Felipe de Jesus Almonte “will be arrested as soon as he sets foot in this country,” said Victor Romero, a public-records official in the Dominican Republic who determined the young pitcher”s real age.

De Jesus, who is still in New York, faces three to five years in jail if convicted.

Danny”s father has not made himself available to the media and could not be reached for comment.

Also on Tuesday, school officials said Almonte was finishing seventh grade in the Dominican Republic up to June another reason he should not have qualified for Little League championships.

Almonte finished seventh grade June 15 at the Andres Bello Primary School, said Bolivar de Luna Gomez, vice principal of the school in Moca, a small farming town 90 miles north of Santo Domingo.

That would have prevented the boy from playing the required six Little League games to qualify for the championships.

“We can”t lie,” Gomez told The Associated Press. “He was here and the records show this. It is the truth, and if authorities ask us to turn the documents in, we are ready to do so.”

Newsday and The New York Times had earlier reported on Almonte attending the Dominican Republic school in the 2000-01 academic year.

Joann Dalmau, spokeswoman for Almonte”s Bronx, N.Y.-based Rolando Paulino All-Stars team, denied the boy had lived in the Dominican Republic until June.

“I saw him in May here, playing in a regular-season game,” she said. “So there was no way he was in the Dominican Republic in June.”

But Romero confirmed Almonte had been in a Dominican school until then.

The New York team was stripped of its third-place finish in the World Series after Almonte”s real age was revealed last Friday. Little League also voided all of Almonte”s records, including a perfect game.

Depending on the weather, Little League seasons start as early as February and as late as June 1, with the all-star tournament that leads to the Little League World Series in South Williamsport, Pa., beginning July 1. To be on a league”s all-star team and participate in the tournament, a player must have played in at least half of his team”s games by June 15.

Little League spokesman Lance Van Auken said that would have been impossible for Almonte.

“If he wasn”t in the country until after June 15, then it seems impossible that he would have been eligible under those conditions as well,” Van Auken said. “It adds to the weight of evidence against Rolando Paulino and anyone else who might have known Danny was ineligible.”

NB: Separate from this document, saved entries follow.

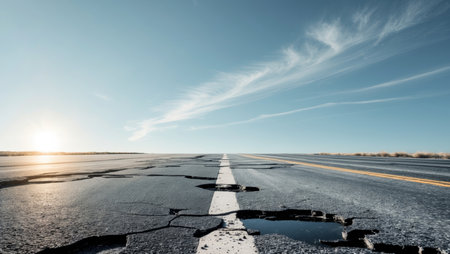 AI Generated. Cracked asphalt road surface with vehicles in the background during sunset light Copy Space
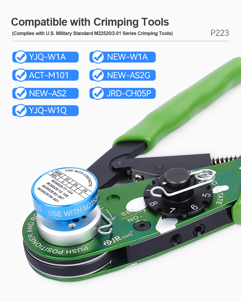 2.Compatible with NEW-AS2, YJQ-W1A, ACT-M101, YJQ-W1Q crimping tools; supports M22520/2-01 series crimping tools.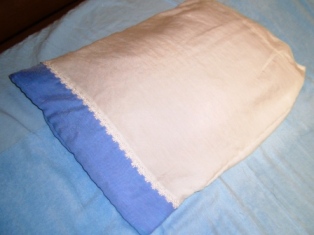 古くなったスカート。裏返して両端と裾を縫ったら枕カバーになりました。結構手芸が好きなの。まぁ、こういう実用的で簡単なものしかつくりませんが。ただ、ミシンは実家にあるから、全て手縫いだ……。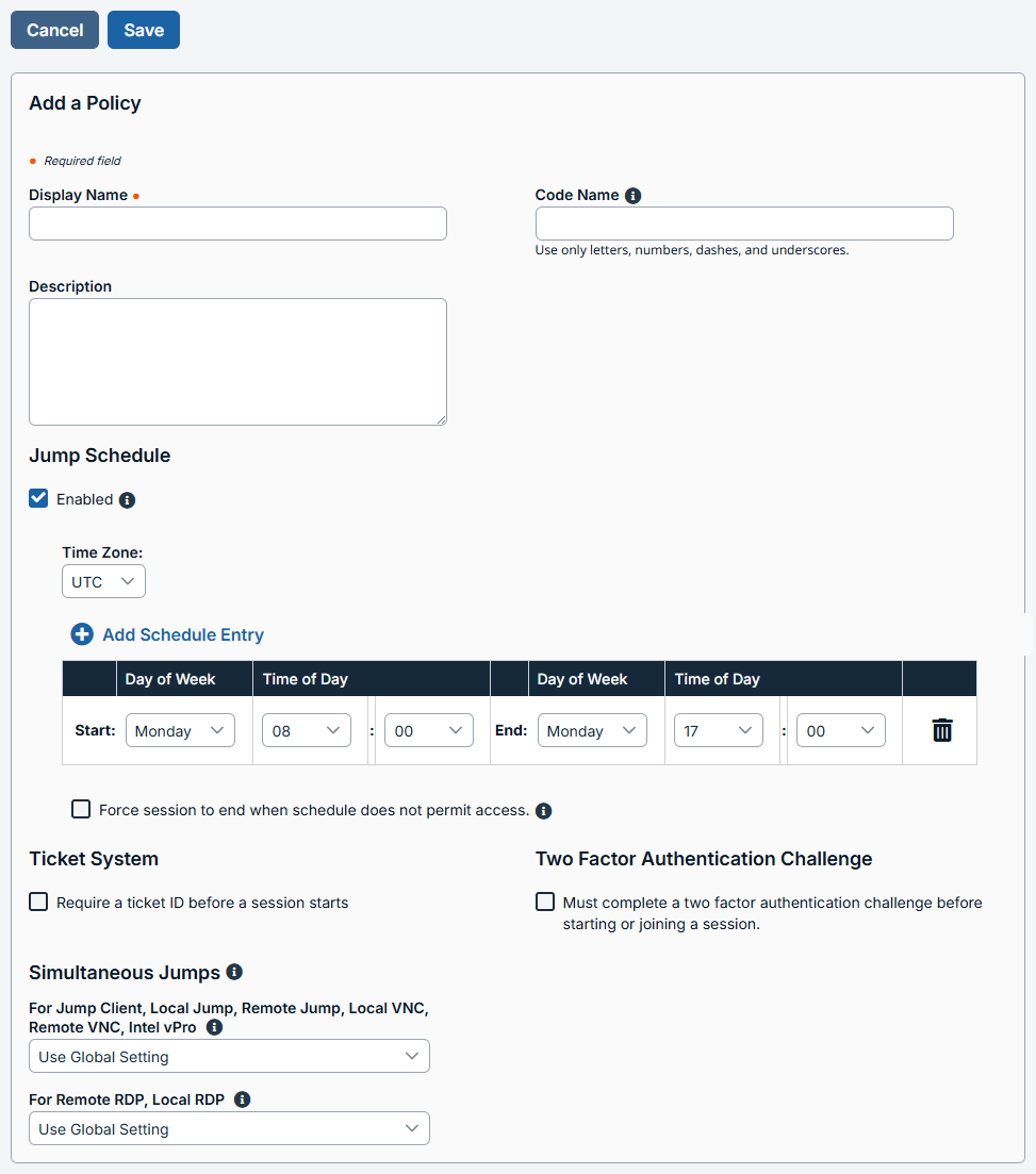 - Enter a Display name. This name should help users identify this policy when assigning it to Jump Clients.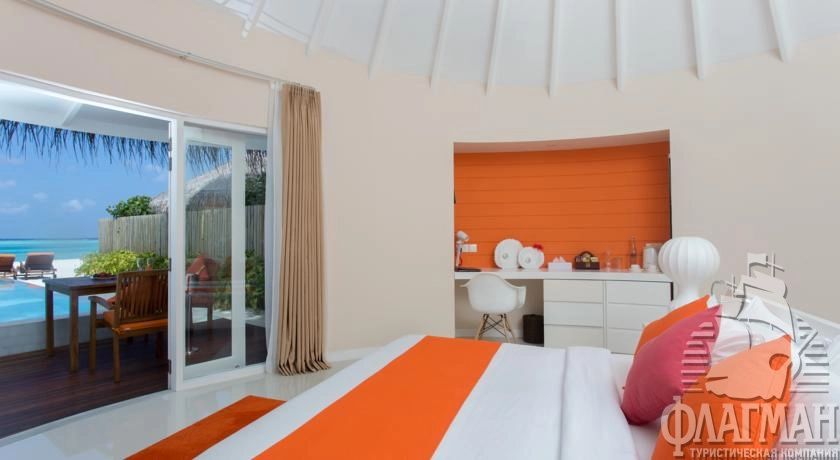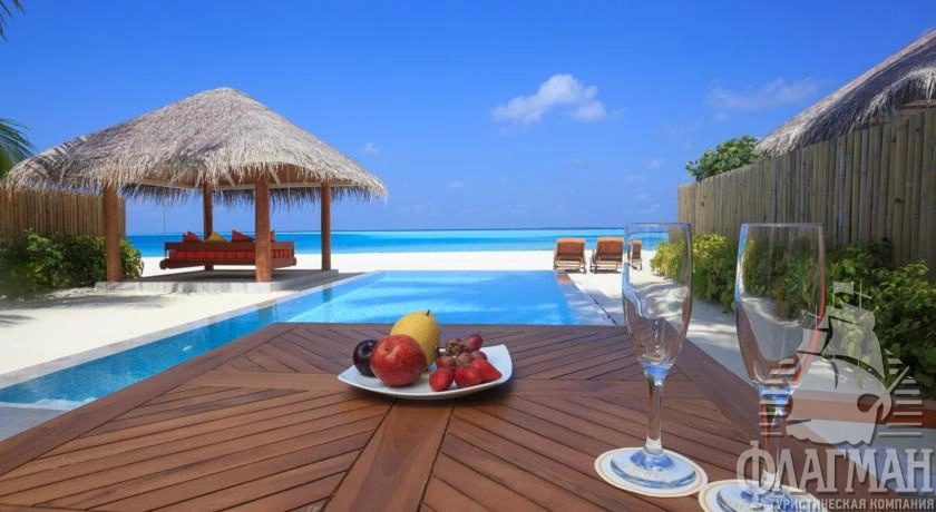 5 Deluxe Beach Villa with Pool (108 м², макс. 3 или 2+2 чел.). Виллы аналогичны номерам Beach Villa, но более просторные и дополнительно имеют мальдивские качели, а также частный бассейн из лавового камня (30 м2).

Van Auken said the president of each league in Almonte”s case, Paulino signs an affidavit verifying the eligibility of each player in the tournament.

Paulino, founder and president of the league that bears his name, was banned for life from any affiliation with Little League because of the age controversy, as was Almonte”s father.

Gomez also confirmed Almonte is registered as having been born on April 7, 1987, as the government ruled Friday.

Hector Pereira, president of the Dominican Baseball Federation, appealed Tuesday on behalf of the boy, saying “Danny is a phenomenon and anything around him is news, but if they continue investigating, they can psychologically harm the kid.”

Meanwhile Tuesday, Danny and his father were on their way to register him to attend school in the Bronx, said Jennifer Falk, spokeswoman for the New York”s Administration of Children”s Services.